AWS Certified Generative AI – Professional (AIP-C01) — Question 36
An enterprise application uses an Amazon Bedrock foundation model (FM) to process and analyze 50 to 200 pages of technical documents. Users are experiencing inconsistent responses and receiving truncated outputs when processing documents that exceed the FM's context window limits.
Which solution will resolve this problem?
Answer options
- A. Configure fixed-size chunking at 4,000 tokens for each chunk with 20% overlap. Use application-level logic to link multiple chunks sequentially until the FM's maximum context window of 200,000 tokens is reached before making inference calls.

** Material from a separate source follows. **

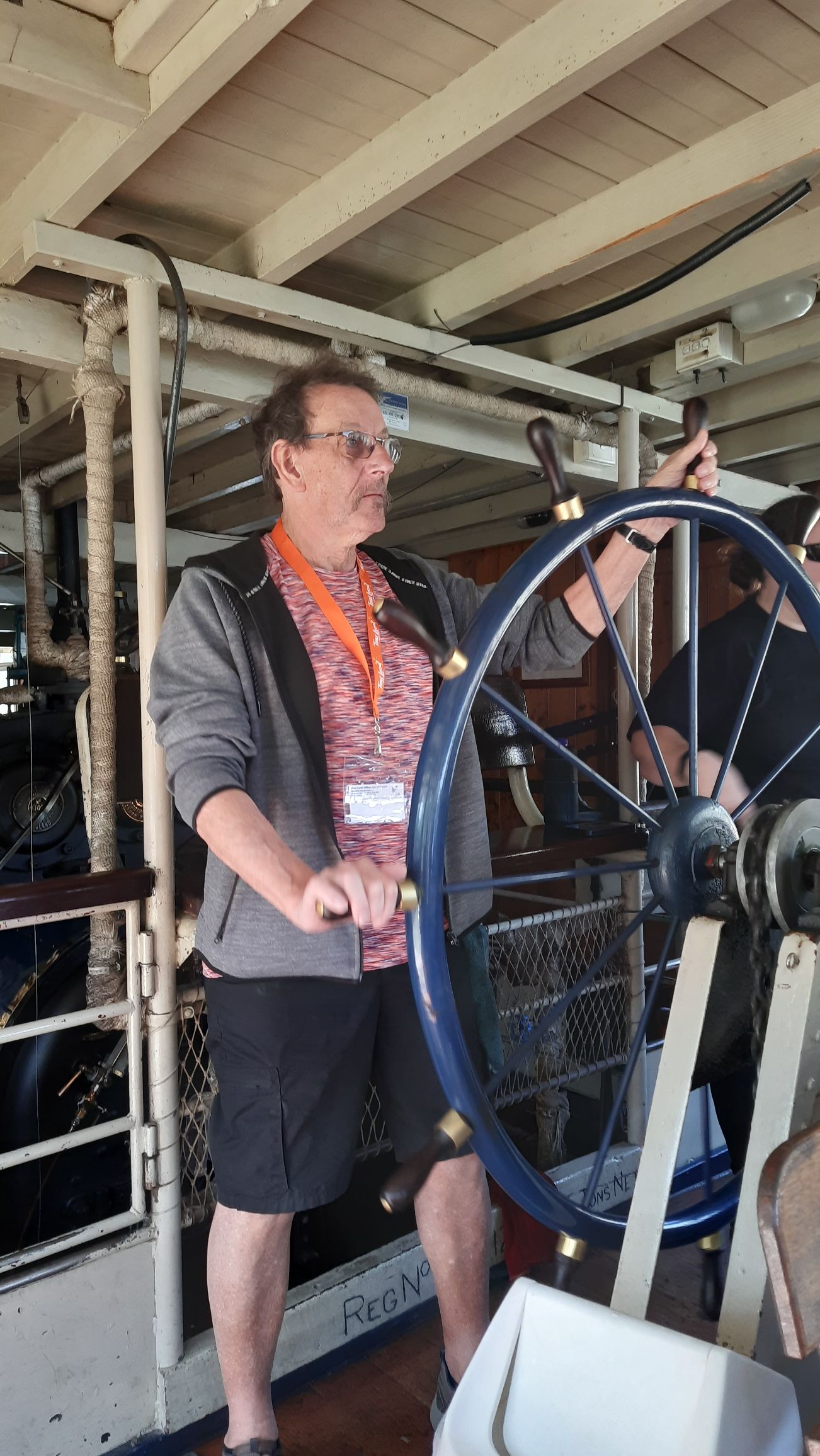 We had a leisurely start to the day today, our breakfast was in Beechworth’s, a local bakery along the street from our motel, their big breakie roll was truly wonderful and a great start to the day. I was truly surprised to notice a large mural across from our hotel on my way to breakfast, I discovered that it was painted in 2021 by Shaun Devenney, another Glasgow based artist. We then took the coach down to the Echuda Dock to board the PS Canberra for our cruise down the Murray River. The PS Canberra, a 110-year-old paddle steamer powered by a 1923 wood-fired steam engine, was a great way to see the river and a great addition to our trip, it was like being on a miniature version of our PS Waverley, I even got a chance to put my helmsman skills to the test.

- B. Use hierarchical chunking with parent chunks of 8,000 tokens and child chunks of 2,000 tokens. Use Amazon Bedrock Knowledge Bases built-in retrieval to automatically select relevant parent chunks based on query context. Configure overlap tokens to maintain semantic continuity.
- C. Use semantic chunking with a breakpoint percentile threshold of 95% and a buffer size of 3 sentences. Use the Amazon Bedrock RetrieveAndGenerate API call to dynamically select the most relevant chunks based on embedding similarity scores.
- D. Create a pre-processing AWS Lambda function that analyzes document token count by using the FM's tokenizer. Configure the lambda function to split documents into equal segments that fit within 80% of the context window. Configure the Lambda function to process each segment independently before aggregating the results.
Correct answer: C
Explanation
The correct answer, C, is effective because it uses semantic chunking to select the most relevant chunks based on embedding similarity, ensuring better responses from the FM. Options A and B focus on fixed and hierarchical chunking methods that may not adapt well to varying document needs, while option D relies on an independent processing method that does not optimize for relevance in the context of user queries.